Supporters of Open Banking say that it will drag lenders into the 21st Century and allow businesses to better manage their money by consolidating all accounts into one place.

Puts you in control of your data:  

Instead of financial data about how you spend your money, how often you are overdrawn and other details being something jealously guarded by your bank, you’ll be able to request that approved companies can also access it.

No obligation:

You are under no obligation to share your data with anybody. Users decide what information they share and for how long.

Clearer view of your finances:

With the ability to see several accounts just by logging in to your bank, you can easily see how your business is doing, monitor your spending or improve your budgeting and forecasts.

Better deals for your business:

Comparison services will be able to give you access to more competitive, tailored products and services based on your actual account data.

Could speed up the switching process:

When you find a better deal elsewhere there is the potential for you to be able to move banks within an app, without ever visiting the website of the actual bank, making it easier to move, manage and make more of your money.

Faster finance applications process:

Finance applications could be dealt with more quickly, as lenders and brokers could access spending history directly, rather than ask for printed copies of bank statements.

Encourages banks to be more competitive:

It is hoped that the changes will foster competition from challenger banks, fintech companies and utilities by allowing them to develop products such as apps that aggregate a customer’s financial details from multiple banks and use it to develop services tailored to their needs.

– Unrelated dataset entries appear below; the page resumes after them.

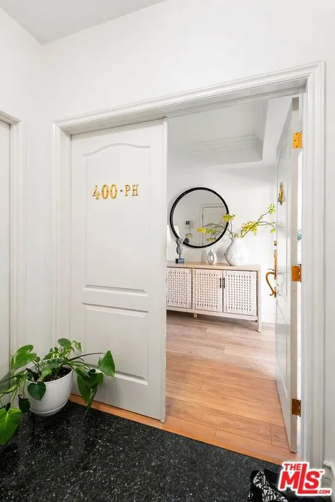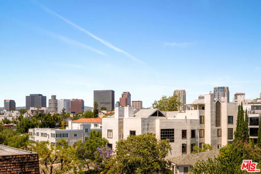 This unique penthouse occupies the entire top floor of a very well located condominium building in the heart of Westwood. The expansive 3 bedroom, 2.5 bath residence offers exceptional privacy, scale, and sweeping wraparound city views. With exclusive direct, key-controlled elevator access opening into its own private foyer, the home lives like a true sanctuary flooded with natural light from every angle. From the foyer, a gracious double door center entryway invites you into this exceptional unit that features no common walls and windows on all sides. Spanning approximately 2,240 square feet with the addition of four balconies, the thoughtfully updated interior features new flooring, oversized bedrooms and abundant storage. The living room expands through glass doors onto a spacious balcony. The full-sized dining room also has a balcony and room for entertaining large parties. The versatile den with fireplace and built-in bookshelves provides the perfect space for a home office or additional living area. The chef's kitchen features stainless steel appliances and a double oven. The primary suite has a spa-like bathroom and a walk in closet. There is a spacious utility/laundry room. Four large balconies significantly expand the living space, creating seamless indoor-outdoor flow and maximizing the home's open very bright ambiance. The residence is located in the highly sought-after Fairburn Avenue School District and is just moments from Beverly Hills, UCLA, and the 405. The unit includes three assigned parking spaces in a gated garage, a rare and valuable amenity in this prime location. Enjoyment of the rooftop deck is a bonus. A truly exceptional opportunity to own a private, light-filled penthouse occupying the entire top floor in one of Westwood's most desirable neighborhoods.
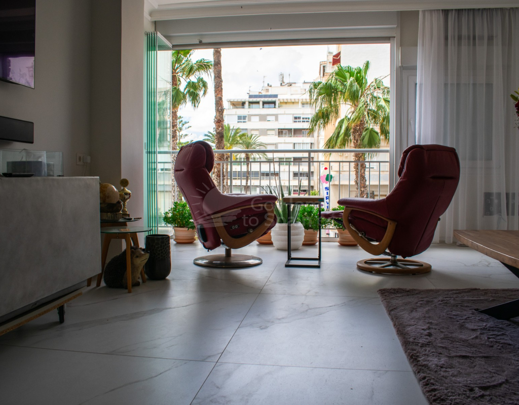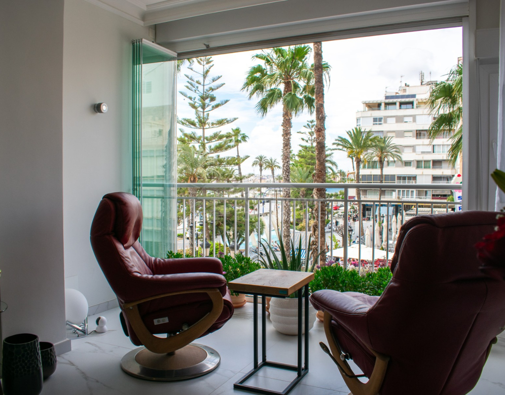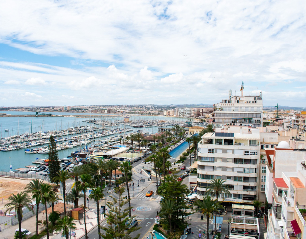 Descubra este magnífico apartamento de 105 m² en el corazón de Torrevieja, ubicado en una de las zonas más codiciadas de la ciudad. Situado en una primera planta, esta vivienda impresiona con sus vistas panorámicas al mar y al puerto, ofreciendo un entorno privilegiado a solo 100 metros del puerto y a 4 minutos a pie de la playa. La propiedad cuenta con 2 amplios dormitorios y 2 baños completos, incluyendo un elegante baño en suite en la habitación principal. El salón comedor es espacioso y luminoso, ideal para disfrutar en familia o recibir invitados. La cocina, equipada con materiales de primera calidad, combina diseño y funcionalidad, mientras que el aire acondicionado garantiza el máximo confort durante todo el año. Además, la azotea comunitaria ofrece un espacio inigualable para relajarse mientras se contemplan las vistas al Mediterráneo. Rodeado de enclaves exclusivos como el restaurante El Muelle, Nicky Beach y Bacanal, esta propiedad representa una oportunidad única para quienes buscan estilo de vida, ubicación y exclusividad. Ideal como residencia habitual o inversión en una de las zonas más dinámicas de la Costa Blanca.
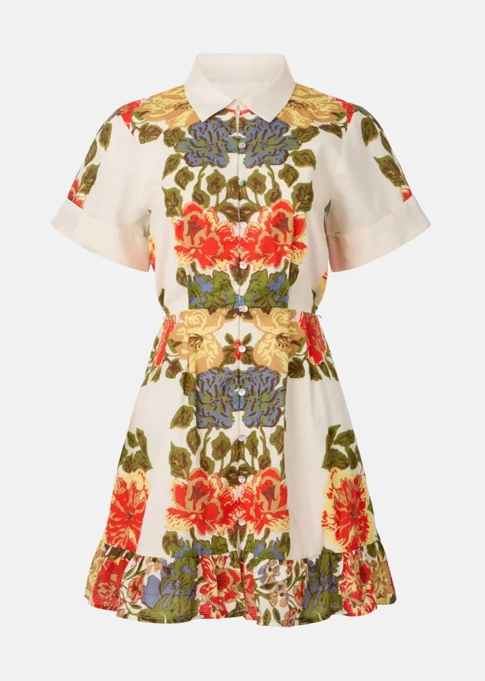 Embrace elegance with this floral print short sleeve dress. Perfect for any occasion, this dress features a vibrant design that stands out. Beautiful blossoms make a striking impression on this cotton-and-linen shirtdress featuring handy pockets and a chic cinched waist. • 35" length • Front button-and-loop closure • Point collar • Short sleeves • Side-seam pockets • Lined • 70% cotton, 30% linen • Dry clean • Imported BRAND NEW NO ORIGINAL TAG FREE SHIPPING

Easier to set up and make payments:

It will be quicker and easier to set up and make payments directly from your bank account.

Further potential:

It has been suggested that future benefits of Open Banking could extend beyond finances. For example, by seeing exactly what you bought for lunch each day, an app could analyse the calorie levels, and then cross-check it with how much exercise that person is doing.

The potential downsides:

On the other hand, critics have a much cloudier outlook, with concerns over security and the potential for a new digital crime wave.

Fraud risks:

There is potential for higher risk of data theft either from phoney companies pretending they are authorised to obtain data, or through regulated firms which may be susceptible to being hacked.

Harder to prove who is at fault if data is stolen:

It has been argued that Open Banking will create complex chains of data access, making it harder to prove who is at fault if data is stolen.

Few people know about it:

Despite being one of the biggest developments in banking in decades, the banking milestone seems to have eluded the public with 92% of people saying that they haven’t heard of Open Banking, according to research conducted by Which?.

Fear around sharing data:

Understandably many people will be sceptical about sharing their data with third parties and could be worried about whether shared data will remain secure. According to a survey conducted by Accenture, 69% of consumers said they would not share bank account information with third-party providers. In fact, 53% said they would never change their current banking habits and make use of Open Banking rules.

Not all banks are keen on the idea:

Some banks have raised concerns about the change and are not keen on the idea of helping their rivals take their customers. This could mean that the roll out will move more slowly than predicted.

Information may not be impartial:

Whilst a third-party app may find you a deal that saves you money there’s no guarantee they’ve searched the whole market to find the cheapest tariff. They may just offer deals from a panel of companies who pay them for new business.

Risk of sacrificing quality:

The cheapest finance deals aren’t always the best. Whilst these apps may suggest cheaper alternatives the service levels or suitability for your business may not be as good. It’s important to always consider what value a service provides you as well as the cost.